# Shed Construction Pictures



## Corie (Jan 6, 2008)

Here's my fall/winter project.  Started on Thanksgiving, but having no help makes the job go slow.  It's 12x16 with a storage loft above and will have a stove hookup and stack gas measuring system in the left corner.

Please don't comment on the construction technique, or lack there of.  I are not a carpenter. Hah!


----------



## Ridgefire (Jan 7, 2008)

Looks good to me


----------



## wahoowad (Jan 7, 2008)

Don't forget to run cable to it. It is great to get away and watch the game when the nagging starts to get too loud.


----------



## Corie (Jan 7, 2008)

There will definitely be electricity out there, but cable......hrmmmm...........hadn't thought of that yet.  That can be arranged.



I'm thinking about a sink too, because I'm going to be butchering deer out there as well.


----------



## mikeathens (Jan 9, 2008)

Might as well plan room for the keg-o-rator, while you're at it...


----------



## Metal (Jan 9, 2008)

Mind if I "shed" some light on the subject?


----------



## Corie (Jan 10, 2008)

Hehe, feel free!


I tried to get the roof sheathing up last night by myself, but that served to be a lot tougher than i thought.  I just can't pick up a 4x8 sheet and walk up the ladder with it and then place it on the roof.

Anyone have any fun tips?


----------



## Gunner (Jan 10, 2008)

Corie said:
			
		

> Hehe, feel free!
> 
> 
> I tried to get the roof sheathing up last night by myself, but that served to be a lot tougher than i thought.  I just can't pick up a 4x8 sheet and walk up the ladder with it and then place it on the roof.
> ...



Call this number and ask for Mike 1 800 245 6489 I'm sure he'll give you a hand :lol:


----------



## Jags (Jan 10, 2008)

Gunner said:
			
		

> Corie said:
> 
> 
> 
> ...



Now that there is funny. 

Corie - have you tried to take one end of the sheet and set it on the edge of the roof (while holding the other end up) and then walk up the ladder.  It will take a bunch of weight off for you.  Make sure you have a good, sturdy ladder for this method.  If the sheet wants to slip back down before you get it nailed, drive a couple of nails into the rafters to rest the sliding sheet onto.

I hope that makes sense.


----------



## ecfinn (Jan 11, 2008)

Corie said:
			
		

> Hehe, feel free!
> 
> 
> I tried to get the roof sheathing up last night by myself, but that served to be a lot tougher than i thought.  I just can't pick up a 4x8 sheet and walk up the ladder with it and then place it on the roof.
> ...



Lay the sheet flat against the ladder longways.  Push it up the ladder in front of you as you climb.  When you get to the top, then pick it up and put it on the roof.  

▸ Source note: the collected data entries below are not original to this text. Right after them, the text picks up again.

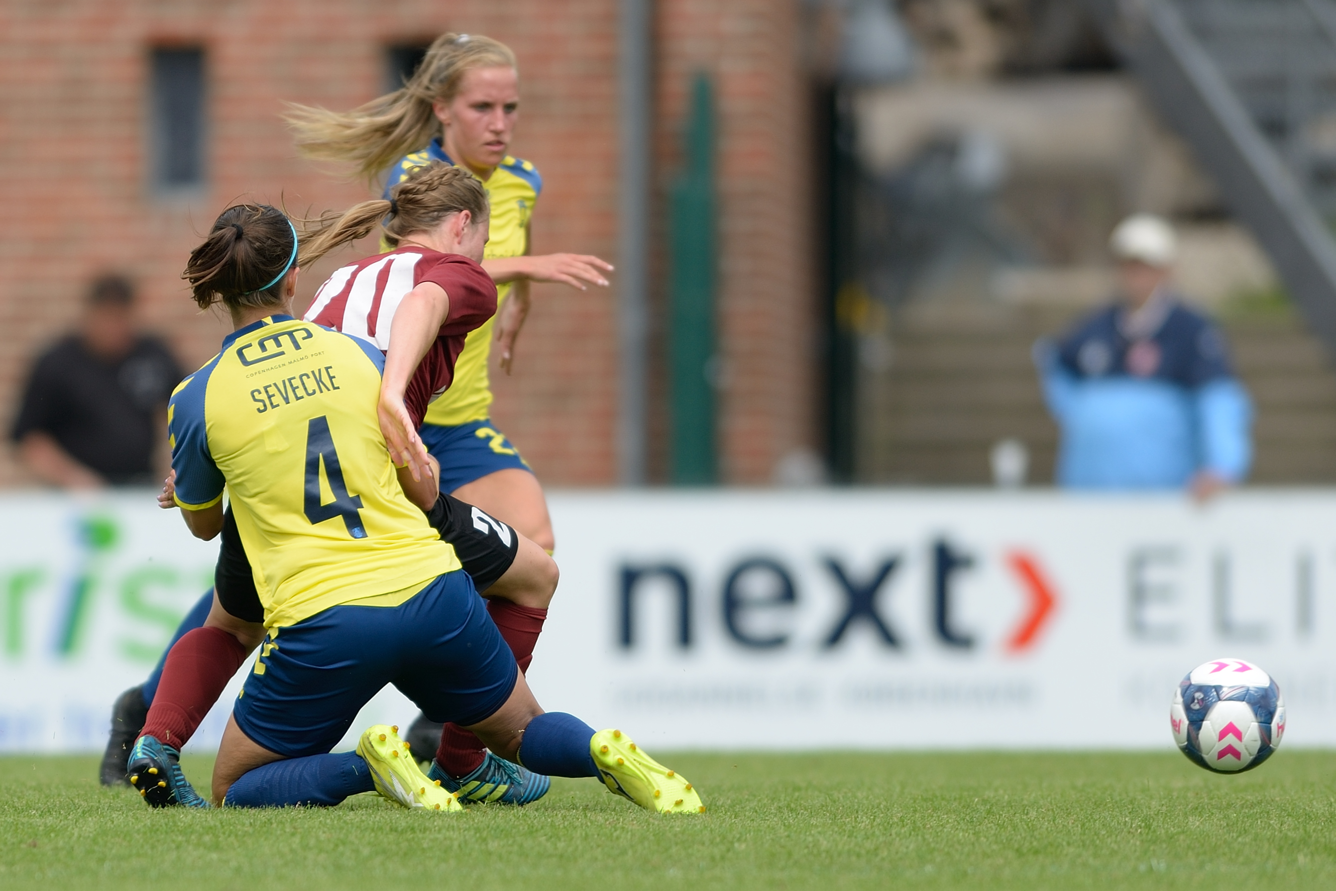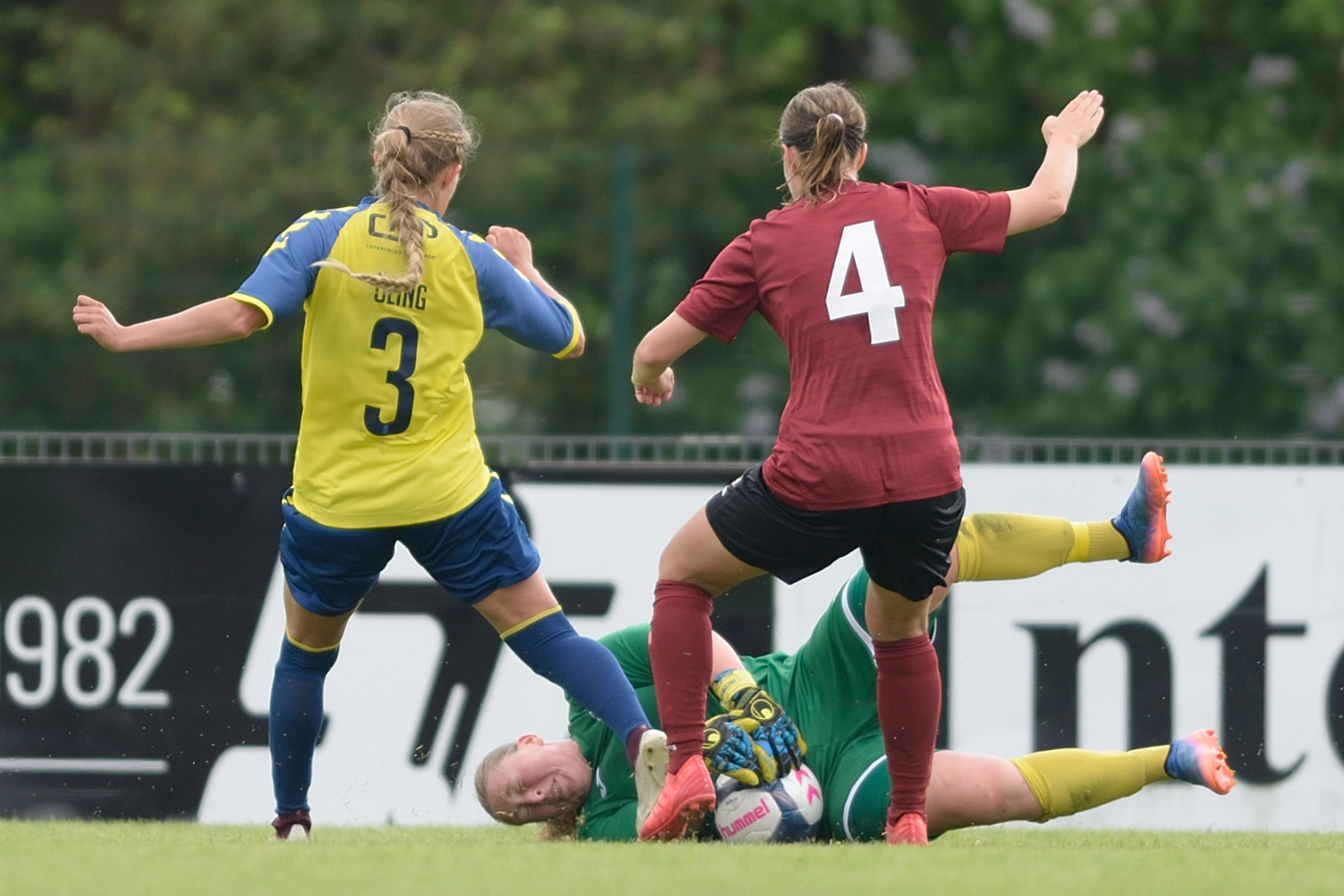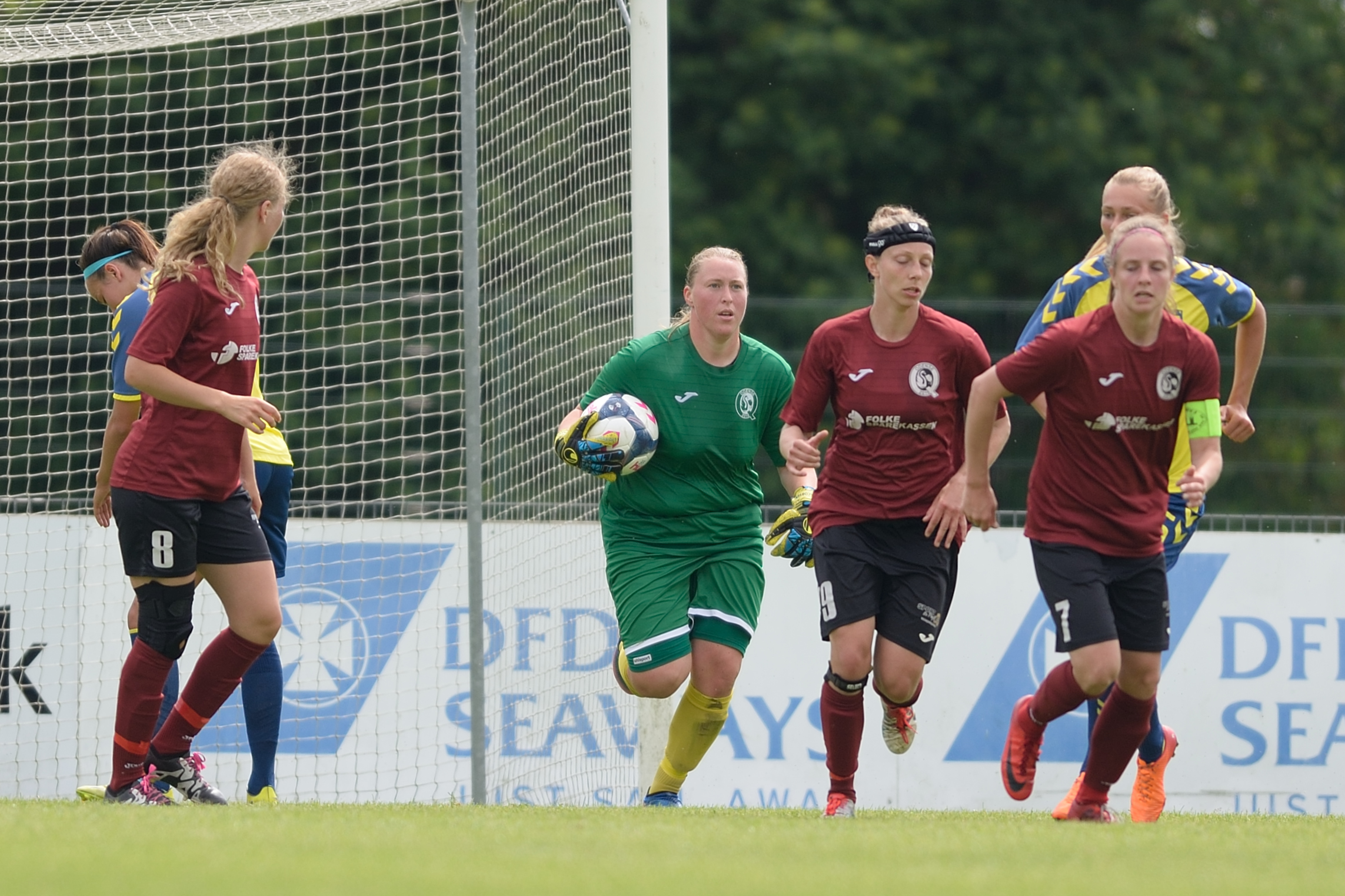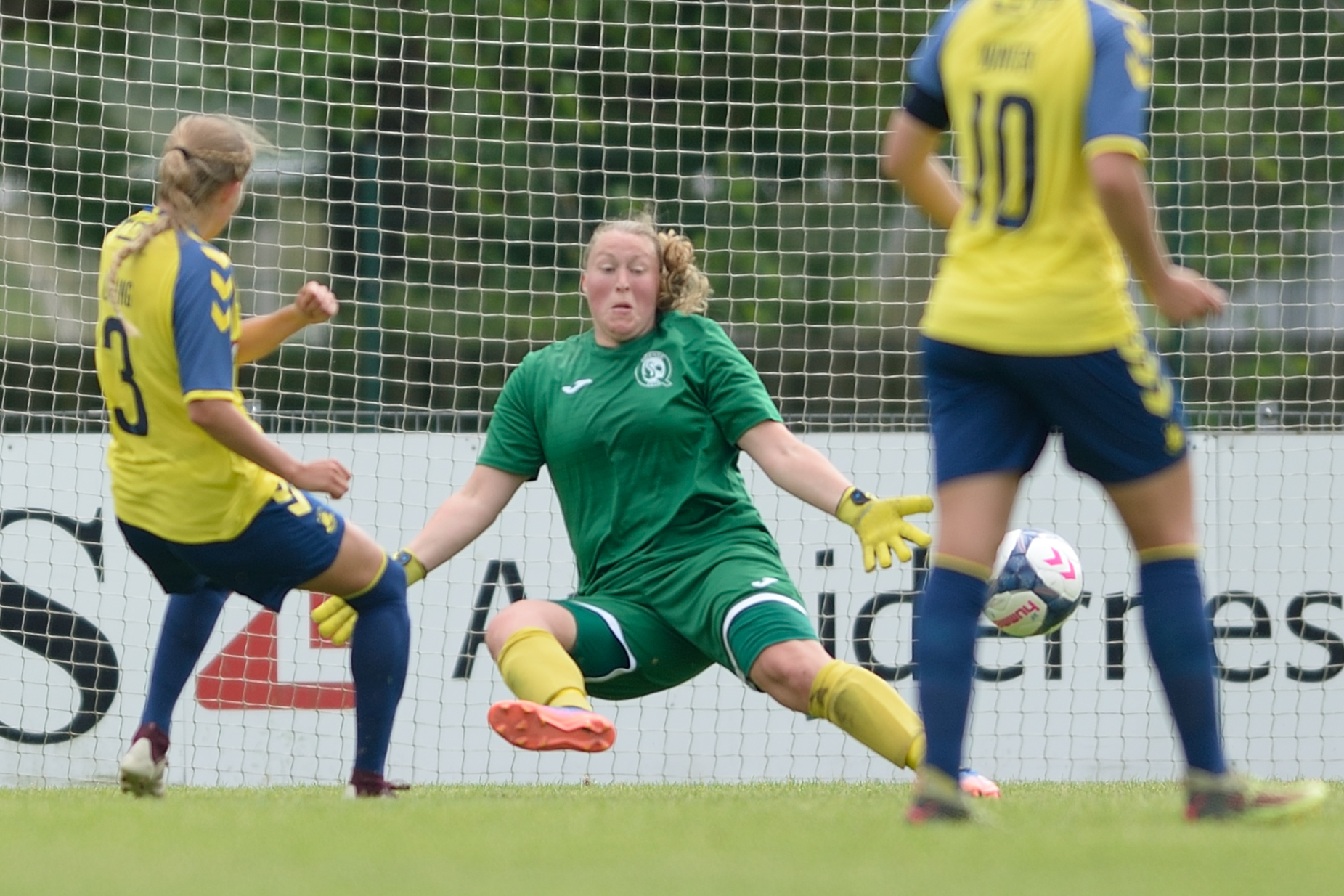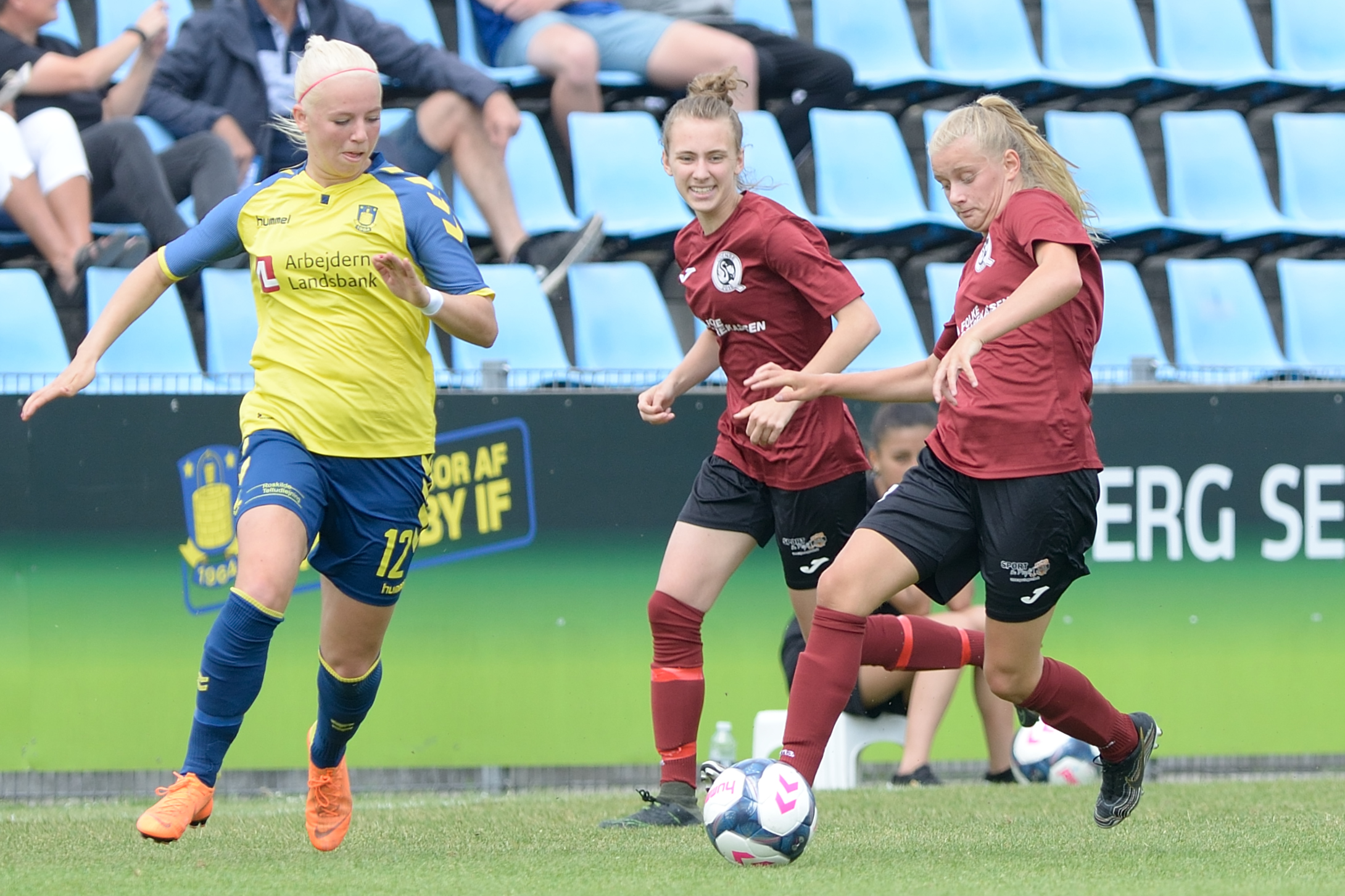 Odense Q kom bedre med efter 2-0 scoringen, men henimod første halvlegs slutning brændte det igen alvorligt på i gæsternes straffesparksfelt. Først bragte Julie Tavlo værterne på 3-0 i det 37. minut, og minuttet efter måtte Odense Q-back Helena Vigen uheldigvis lade sig notere for et selvmål, efter hun forsøgte at afværge en ellers sikker Brøndby-scoring på målstregen. 2 minutter inden pausefløjt satte Nanna Christiansen trumf på med sin tredje scoring i opgøret.
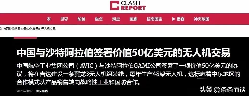 沙特是个实在人! 沙特看见波斯湾对面的伊朗被美以打了,于是急忙在3月8日和中国签署了一条年产48架翼龙3无人机合作生产线: 翼龙-3无人机绝非普通作战装备,它是实打实的战略级察打一体机型,官方公布的参数里,航程能突破一万公里,还能搭载6.5吨航弹,不管是远程巡逻侦察,还是精准打击目标,都能展现出超强的实战能力。 沙特把这款无人机的生产线落地本土,就像在家门口架起了一道坚固的安全屏障,周边海湾国家要是有非分之想,先得掂量掂量翼龙-3的威慑力,就算是万里之外的势力想挑衅沙特,也得好好算一算背后的代价。 过去沙特买军备基本都盯着欧美国家,可欧美装备不仅卖得贵,还总附加各种不合理条件,交付周期也没个准信,关键时刻根本靠不住,沙特这次选中国合作,就是看中了中方装备的实用性和合作的诚意。 这次合作不只是卖几架无人机这么简单,而是全产业链的深度协作,沙特能借着这个机会,一步步提升本土军工制造水平,刚好贴合国家发展的军工规划,中方也能借此拓展高端无人机的海外合作版图,双方都能从中获益。 中东地区向来局势复杂,各种势力博弈不断,军备力量的平衡直接关系到地区安稳,沙特引进翼龙-3生产线,既能筑牢自己的国防根基,也能平衡地区军事力量,不让外部势力随意插手地区事务。 阿条我觉得沙特这次特别务实,在乱局之中,只有手握靠谱的国防力量,才能把命运攥在自己手里,不被别国随意拿捏,这种不搞虚的、只看实际利益的做法,才是真正明智的选择。 各位读者你们怎么看?欢迎在评论区讨论。
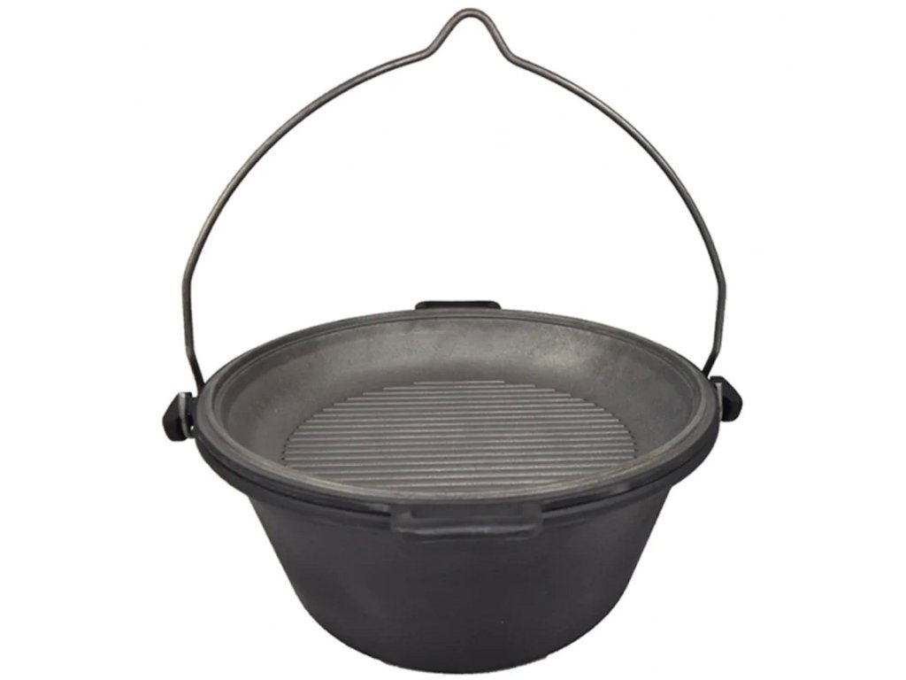 Objevte kouzlo vaření pod širým nebem s víceúčelovým litinovým kotlíkem o objemu 9 litrů, který spojuje dvě funkce v jednom – klasický kotlík a pánev. Robustní konstrukce z kvalitní litiny zajišťuje rovnoměrné rozložení tepla, dlouhé udržení teploty a výjimečnou odolnost i při intenzivním používání.
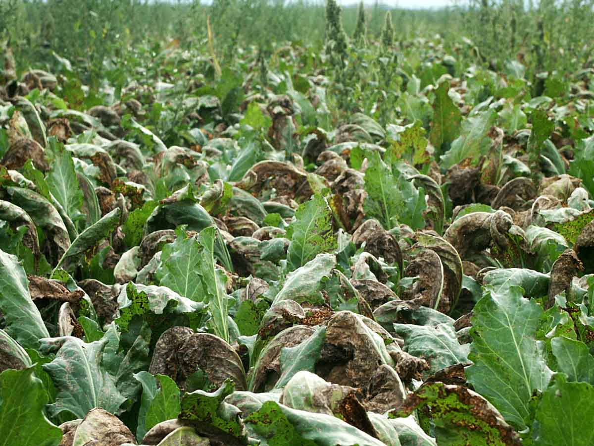 Obr. 2: Silná nekrotizace listů při silném tlaku Cercospora beticola
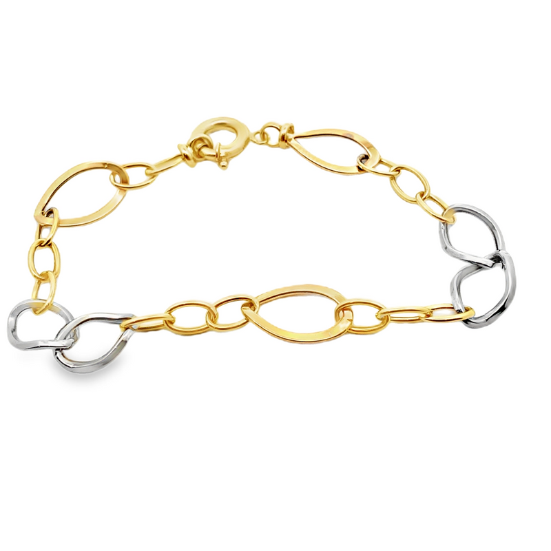 This is a contemporary and fashionable chain bracelet that features an elegant tri-tone look with contrasting yellow, rose and white gold links. Crafted from 18K gold, utilizing both yellow, rose and white gold links to create a striking mixed-metal aesthetic. The links are highly polished, ensuring a bright, luxurious shine. The bracelet is composed of alternating sizes of elongated oval links. The links have a flat, smooth profile, which gives the chain a sleek, modern drape. This bracelet offers a versatile, modern look, combining the three colors of gold. It is ideal for stacking or as a simple, elegant statement piece. It is secured by a round, polished spring ring clasp.
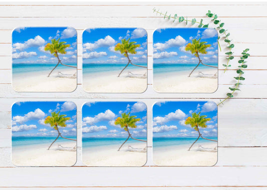 Palm Tree & Hammock near Beach View Coasters Wood & Rubber - Set of 6 Coasters
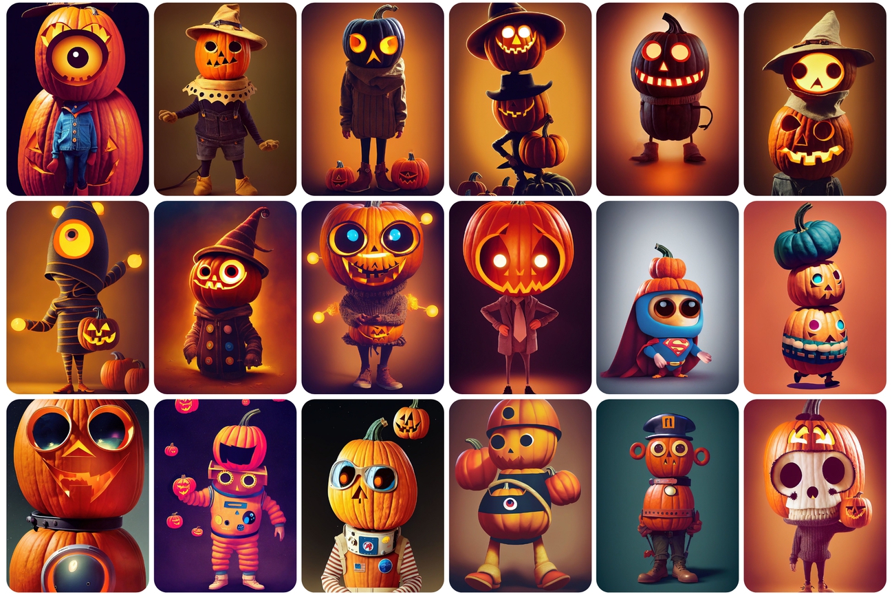 These Rare halloween graphic bundle - Anthropomorphic Halloween Graphics stock images are great for use as digital papers, backgrounds, cover arts, or printed on different objects.
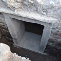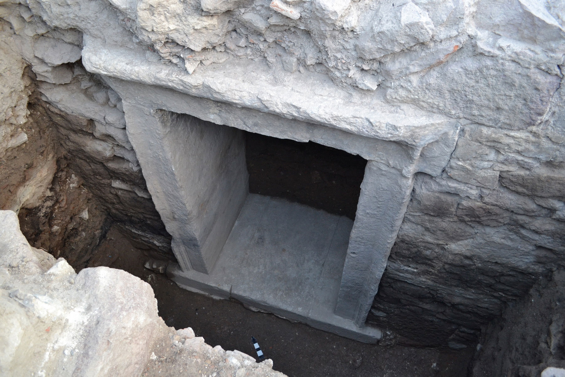 Για την ανάδειξη και την προστασία του μνημείου, το οποίο θα είναι ορατό στους επισκέπτες, διερευνήθηκε ο χώρος δυτικά αυτού, όπου και εντοπίστηκε τμήμα ισχυρού τείχους πάνω στο οποίο εδράζεται ο δυτικός τοίχος του λουτρού, καθώς και μαρμάρινη πύλη εισόδου, η οποία σύμφωνα με τα ευρήματα χρονολογείται στους πρωτοβυζαντινούς χρόνους. Η πύλη έχει συνολικό ύψος 3,20 μ., πλάτος 2,05 μ. και βάθος 2 μ. Για την κατασκευή της χρησιμοποιήθηκαν συνολικά 9 πλάκες εντόπιου γκριζόλευκου μαρμάρου, συναρμοσμένες με κονίαμα, ενώ κοιλότητες στο υπέρθυρο υποδηλώνουν την ύπαρξη ξύλινης θύρας, προσαρμοσμένης με στροφείς. Οι παραστάδες της κοσμούνται με ταινία και κοιλόκυρτο κυμάτιο, ενώ το υπέρθυρο φέρει κυρτό γείσο. Στο κατώφλι διακρίνεται οριζόντια, ανάγλυφη, κυρτή ταινία. Στο εσωτερικό της διατηρείται μέρος πρόχειρου τειχίσματος για την αντιστήριξη του δαπέδου του κύριου, θερμού δωματίου του λουτρικού συγκροτήματος. Η επίχωση που αφαιρέθηκε για την αποκάλυψη της πύλης περιείχε κυρίως στρώματα καύσης και στάχτες λόγω της γειτνίασης με τον θερμό χώρο του λουτρού, και απέδωσε άβαφη χρηστική και εφυαλωμένη κεραμική κατά κανόνα βυζαντινών χρόνων, καθώς και χάλκινα νομίσματα (φόλλεις) του 6ου και 7ου αιώνα που εντοπίστηκαν κοντά στο κατώφλι.
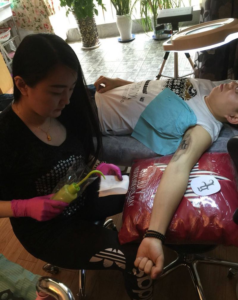 当前位置: 首页 >山东省济南市纹身店-倧玥刺青纹身图案>工作照纹身图片_手臂背部字符宗教纹身图案

Or alternately practice holding the 4x8 sheet in the middle of the 8' side with one hand and climb up the ladder with your other hand.  This way you have to balance the sheet on your shoulder with supporting the weight with your one hand.  

If that doesn't work ask your girl to help.  

Eric


----------



## CountryGal (Jan 12, 2008)

wahoowad said:
			
		

> Don't forget to run cable to it. It is great to get away and watch the game when the nagging starts to get too loud.



Ha! Ha!  Hubby took over my 12x20 shed after I moved my office back to the house.  I left him the office fridge (beer storage) and TV/VCR combo.  He has now had a bathroom built and added on to the space by enclosing the space between the bathroom and the shed.  Has a flat panel tv and DVD player.  All he needs now is a bed and he'll have his own place.  He calls it his leather studio (he does beautiful leather work) but I know it's his man-cave.

ETA picture of the original shed setup (the shed on right, faux front to my old travel trailer adjacent).


----------



## Corie (Jan 14, 2008)

Thanks for the tips guys.  Eric and Jags, you were both dead on with the advice you gave.  I used a modified, combined version of both techniques and it worked well, if not a little precarious.  Glad the fiancee wasn't home to see the stupid things I was doing.  Luckily I didn't die, and the roof sheathing and tar paper is down.  I'm three pieces and a door away from having it completely closed in.  Then trim, shingles and finish the flooring in the loft, wire it for power and it's ready to rock and roll.

I also started the chimney yesterday, but found out I don't have a long enough extension cord to get the saw on the roof to make the cutout for the stack.  I'll have to borrow one and take care of that one night this week.


Also there though, I'd say 90% of the difficult stuff, or stuff I've never done before is finished.  On the home stretch now.


----------



## pulldownclaw (Jan 14, 2008)

Good for you, Corie.  I've gotta build one like that soon, the one we've got now I swear is from the 60's, metal, with a leaky roof, and I can't even stand up in it, not to mention walk into it with all the crap that's piled up in there!


----------